**Source data**
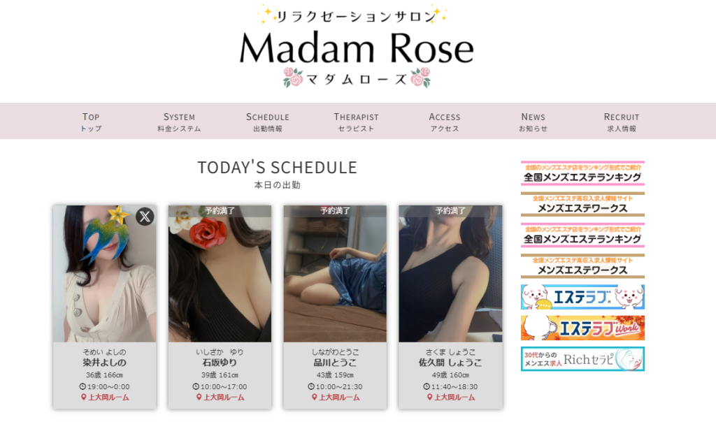 横浜・関内エリアにある「マダムローズ 横浜ルーム」は、オプションなしのお手頃価格でご利用いただけるリラクゼーションエステサロンです。経験豊富な女性セラピストによる心身を癒すオイルマッサージで、日頃の疲れやストレスを解消できます。営業時間は10:00~23:00と長時間対応しており、お忙しい方でもご都合に合わせてご利用いただけます。90分14,000円からのリーズナブルな料金設定で、本格的な癒しの時間をお過ごしください。ご予約はお電話またはLINEにて承っております。
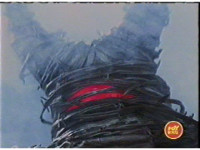 Toxica's wand fires five seeds out, which drop into the green Org goop, then suddenly grow into tall twirling vines, reforming a giant body in a flash, revealing the giant revived Barbed Wire Org. |
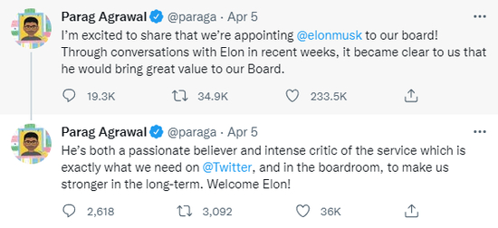 Twitter 现任 CEO Parag Agrawal 通过个人账号恭喜了马斯克加入公司,并邀请他加入董事会:“我非常兴奋地和大家分享,我们将任命马斯克加入董事会!通过最近几周和他的对话,我们越发相信,他将为董事会带来巨大价值。”
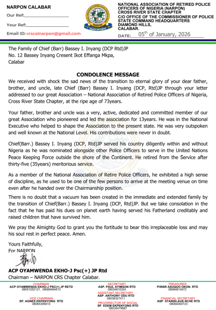 Condolence Message – From The National Association of Retired Police Officers of Nigeria (NARPON) Cross River State Chapter
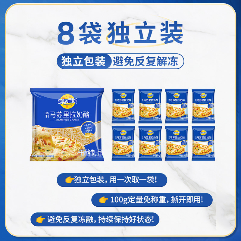 秒杀立减20.1元+券3元+超市**4元+88vip省2.15元+点击有上角三个点进入淘金币抵扣3.5元后约34.25元,喵满分×妙可蓝多,精制马苏里拉奶酪,烘焙原料芝士碎,800g,内含8袋独立包装
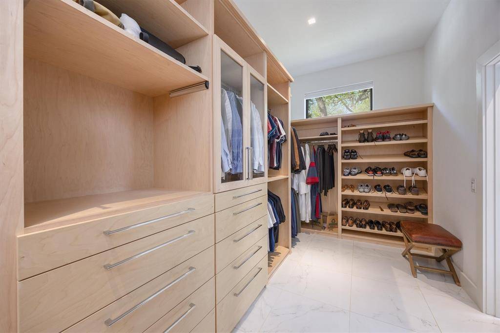 The private primary suite is a true retreat, offering direct access to the pool and a spa-inspired bath with an oversized walk-in shower, soaking tub, and a custom-designed closet built for both beauty and organization.
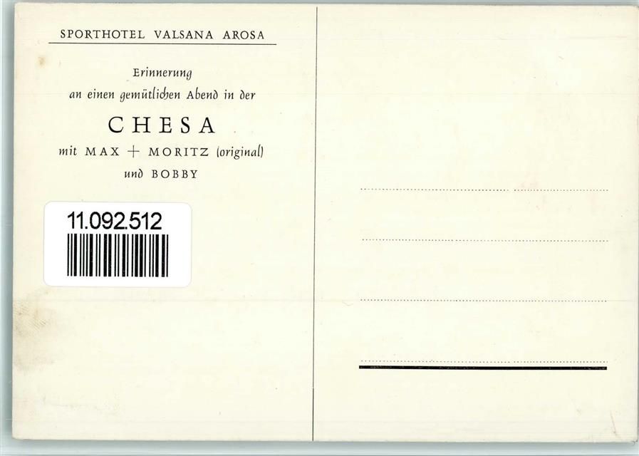 7050 Arosa Foto AK Sporthotel Valsana Chesa mit Max und Moritz und Bobby Ziehharmonika
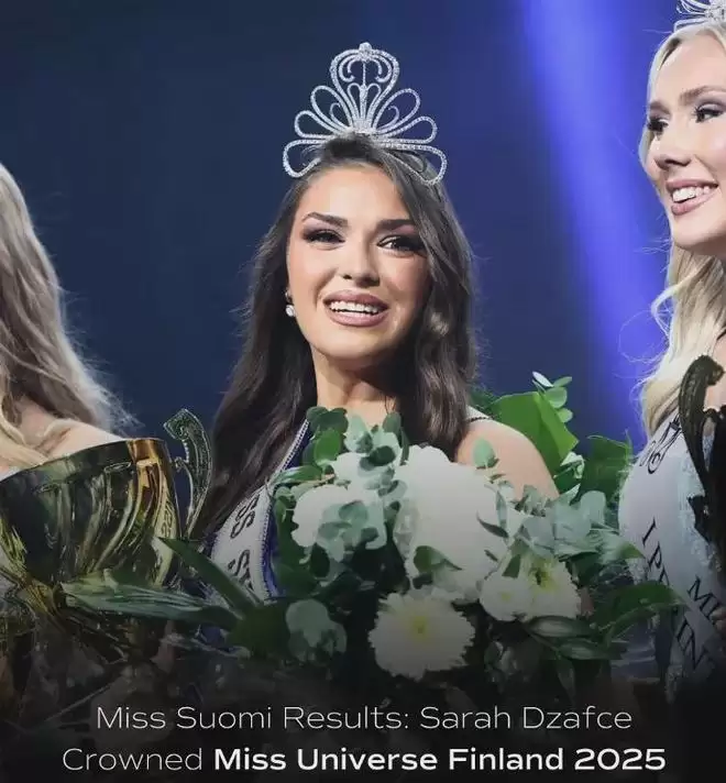 这位公然拉眼角歧视中国人的选美小姐名为Sarah Dzafce,正是2025年芬兰环球小姐选美总冠军,也就是传说中的芬兰小姐。
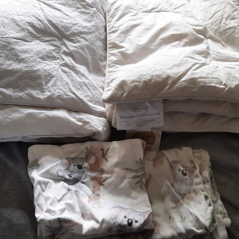 Pent brukt dundyne 100x140 fra Høie , dunpute 40x60 fra Kid og 3 sengesett selges.
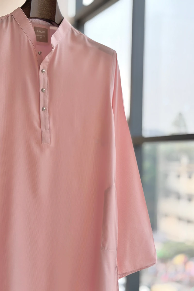 Experience timeless elegance with Arjo’s Pale Pink Classic Panjabi This Panjabi offers a breathable, soft feel, ensuring effortless wear throughout the day. Designed with a tailored fit, it seamlessly blends tradition with modern sophistication, making it perfect for any occasion, be it casual gatherings or festive celebrations. If you're looking for high-quality Punjabi for men in BD, this refined piece is a must-have in your collection. Elevate your style with Arjo today!
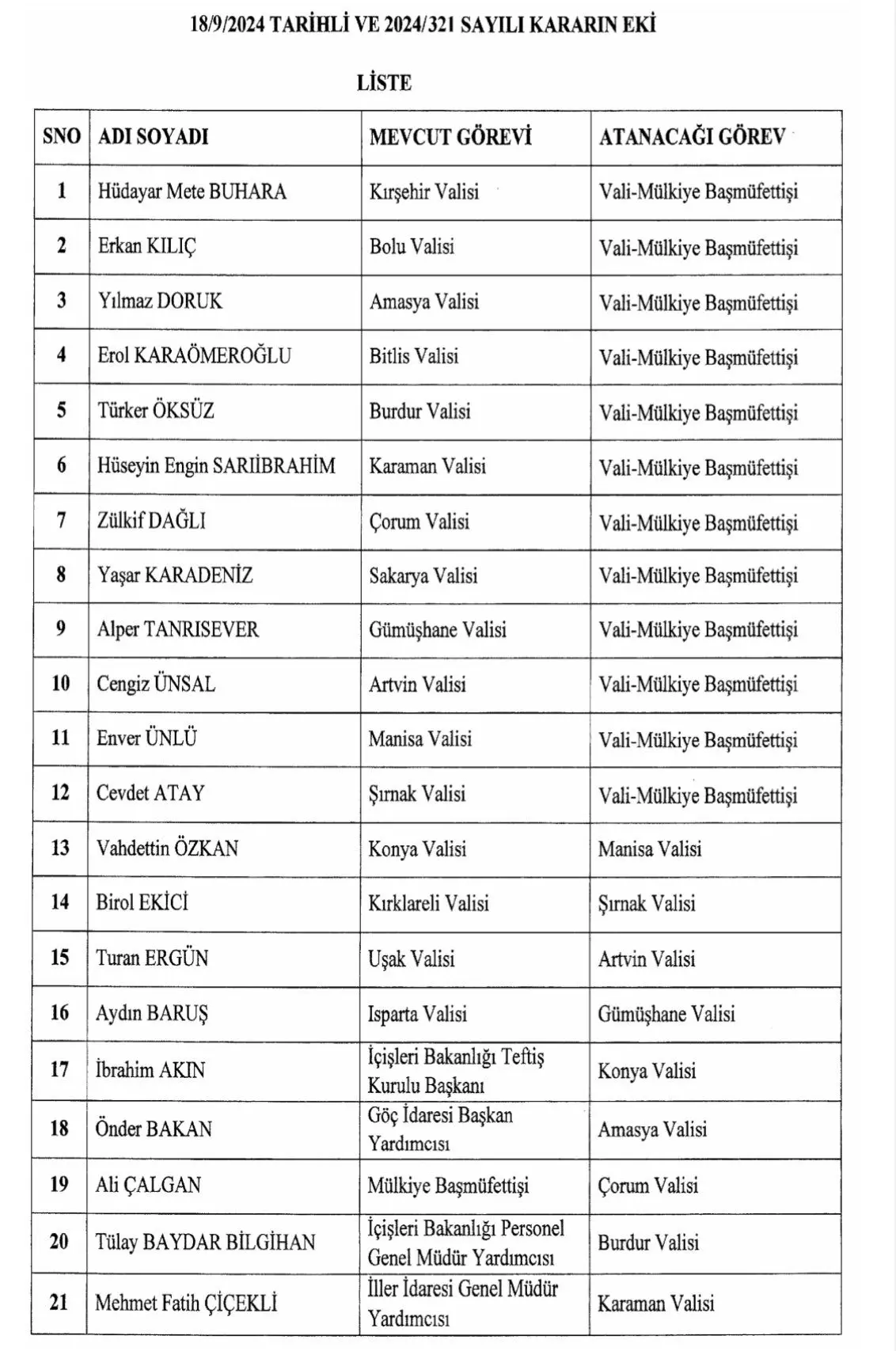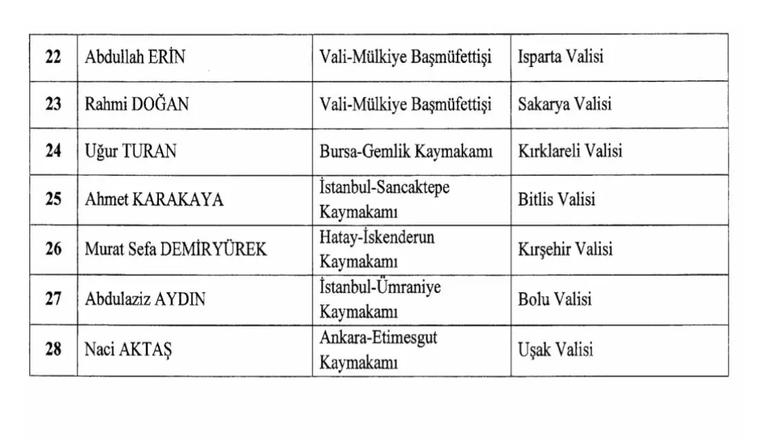 Cumhurbaşkanlığı tarafından yapılan atamalar hakkında kararlar Resmi Gazete'de yayımlandı.Cumhurbaşkanı Recep Tayyip Erdoğan imzasıyla yayımlanan karara göre, 12 ilin valisi mülkiye müfettişi oldu. 16 ilin valisi değişti.Kahramanmaraş merkezli 6 Şubat depremlerinde Hatay Valisi olan Rahmi Doğan, Sakarya Valisi oldu.İşte Yeni Atanan 16 ile Vali olarak atanan o isimler:

**Exercise brief**
The stretch above running from the line with "秒杀立减20.1元+券3元+" through the line with "The private primary" is all you should copy, exactly, leaving out the pictures.

**Exercise output**
 秒杀立减20.1元+券3元+超市**4元+88vip省2.15元+点击有上角三个点进入淘金币抵扣3.5元后约34.25元,喵满分×妙可蓝多,精制马苏里拉奶酪,烘焙原料芝士碎,800g,内含8袋独立包装
 The private primary suite is a true retreat, offering direct access to the pool and a spa-inspired bath with an oversized walk-in shower, soaking tub, and a custom-designed closet built for both beauty and organization.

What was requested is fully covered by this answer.